= Carlisle Indian School Digital Resource Center =

The Carlisle Indian School Digital Resource Center is a publicly accessible digital archive of material originating from or pertaining to the Carlisle Indian Industrial School that operated in Carlisle, Pennsylvania from 1879 to 1918. The archival project has been undertaken by the Archives & Special Collections Department of the Waidner-Spahr Library at Dickinson College in Carlisle, and by the Community Studies Center at Dickinson College, with the help of numerous project partners including subject-area experts and cultural advisers. The project seeks to aggregate the disparate information from various sources locally and nationally into a single digital collection representing the complicated political and ethical issues surrounding the school as well as the lives of those Native Americans who studied there during its existence.

==Mission==
The project is intended to be a comprehensive and searchable public archive of all available data regarding the school. Though official administrative documents are included in the collection, the curators have also sought out media owned by private organizations and individuals both locally and nationally, with a stated future goal of facilitating public submission of material to the archive for review and possible curation. The specific goals of the project have been defined as follows:

- Digitize research material from the National Archives and Records Administration and other repositories, including Dickinson College, the Cumberland County Historical Society, and any others who wish to collaborate.
- Make the digitized materials accessible via a dedicated website utilizing appropriate content management tools.
- Design courses that actively engage students in the digitization and research processes.
- Develop a comprehensive searchable database using the information contained in the digitized materials (e.g. names, dates, tribal affiliations, enrollments, outings, etc.).
- Create search and display functions for the database so that users can query the data and generate unique analyses. Also permit sharing of the complete database to allow more thorough and detailed analyses by interested individuals.
- Develop the capability for user interactivity, so that individuals may contribute photos, documents, oral histories, etc.
- Develop teaching and learning materials utilizing the digitized content and database (e.g. data visualizations, GIS, etc.).
- Support the creation of original scholarly and popular works based on content maintained within the resource center.

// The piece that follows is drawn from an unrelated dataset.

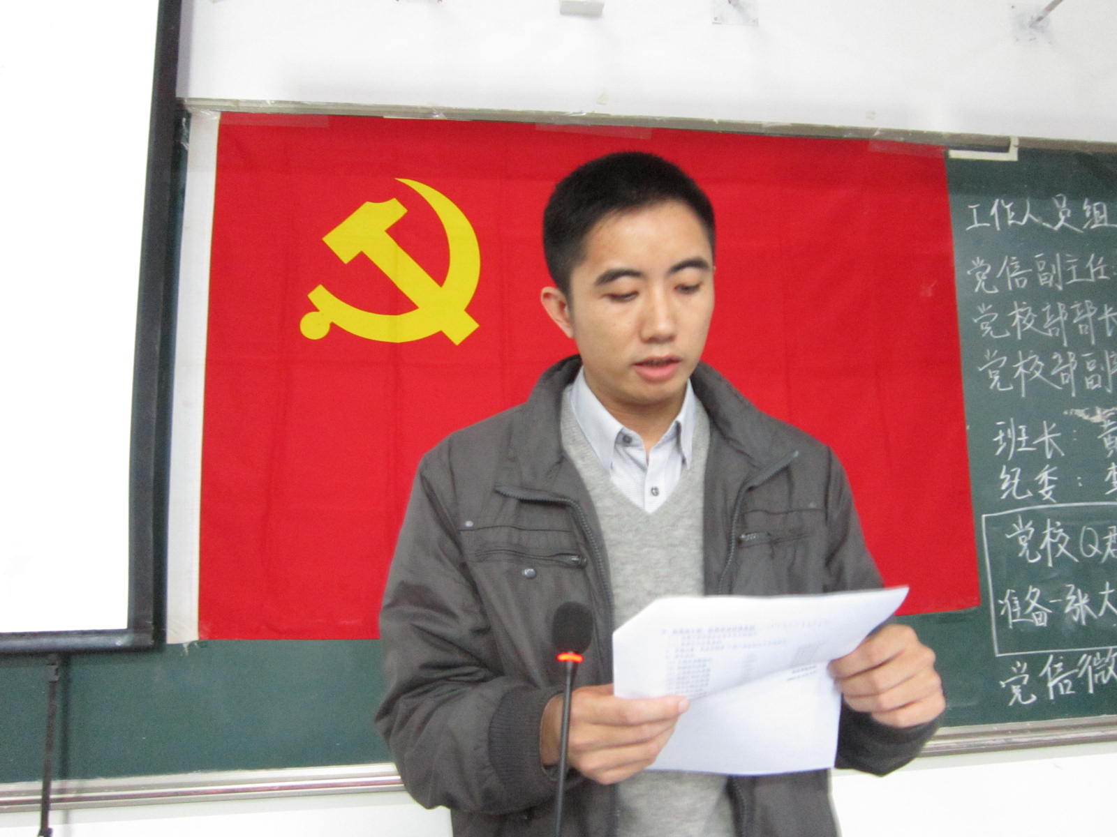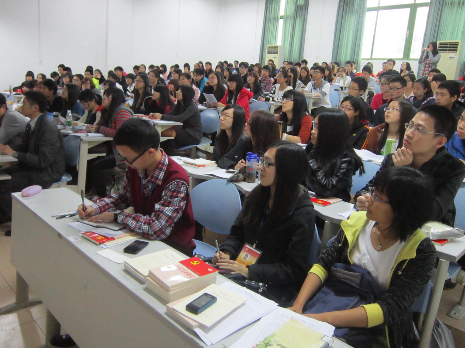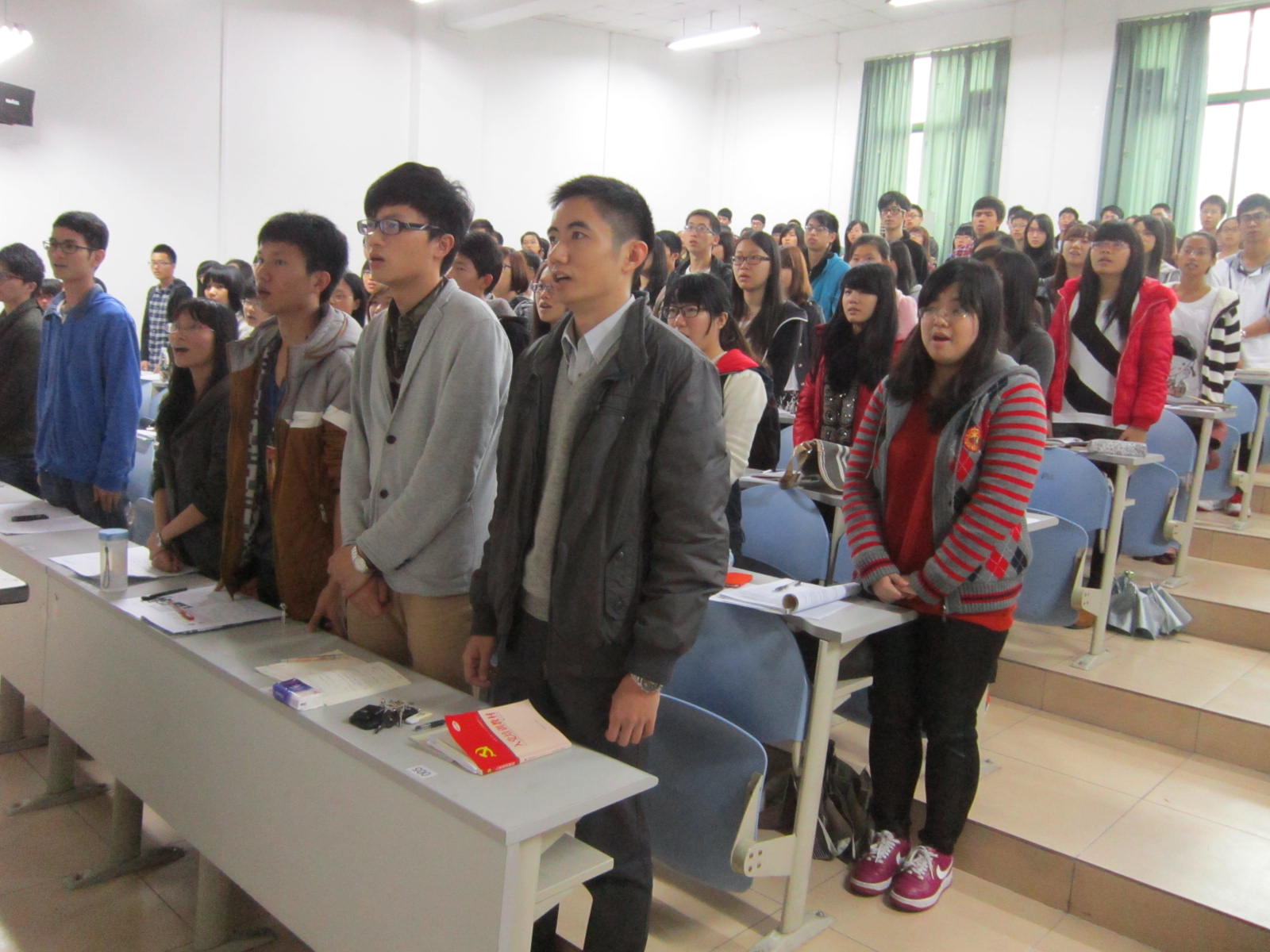 田老师为我们简单介绍了培训的内容、课程安排以及相关的注意事项。他强调了党课的纪律和要求——无故旷课者报学院处理,无故旷课一次者不得结业,无故迟到,早退和无特殊情况请假次数累计3次以上不得结业。与往期党课不同的是,今年会设固定座位,继续严抓考勤情况,以提高培训质量。培训期间,学员的读书心得和思想汇报必须是本人用黑色水笔手写在华农单行信纸上的,学员不得从网上下载照抄,否则不得结业。田老师还着重提出每位学员在党课开课前必须熟唱《国际歌》。

==Scope of the Digital Resource==
Currently the digital resource center contains administrative documents associated with the students and instructors, images from the National Archives as well as private institutional archives and individuals, articles from and complete editions of campus publications, lists and rosters of students and rolls for various events and campus happenings, and administrative documents pertaining to the operation of the school. As of April 2017, the archive contains:

- 8,297 student files and information cards digitized from the National Archives and Records Administration. Digitization of these files is complete, but posting to the site is ongoing.
- 933 images from student files, school publications, the Dickinson College Archives and Special Collections, the Cumberland County Historical Society, private collections, and user contributions.
- 214 Publications originating from the school itself, including the campus publications The Red Man and The Indian Helper. Digitization of these assets is ongoing.
- 74 lists and rosters documenting outing records, arrivals, departures, deaths, and basic student information. Digitization of these assets is ongoing.
- 152 documents related to the administrative and operational activities of the school, including student arrivals and departures, supplies requisitions, fundraising, and athletics. Digitization of these assets is ongoing.
In addition to archival material, the project includes 9 premade lesson plans about the Carlisle Indian School, designed for both secondary and post-secondary classrooms. The project also links out to numerous additional resources, including both primary and secondary materials of a scholarly nature.

==Copyright Status of Curated Media==
Media in the Carlisle Indian School Digital Resource Center is protected under the Creative Commons Attribution-NonCommercial-ShareAlike 4.0 International License.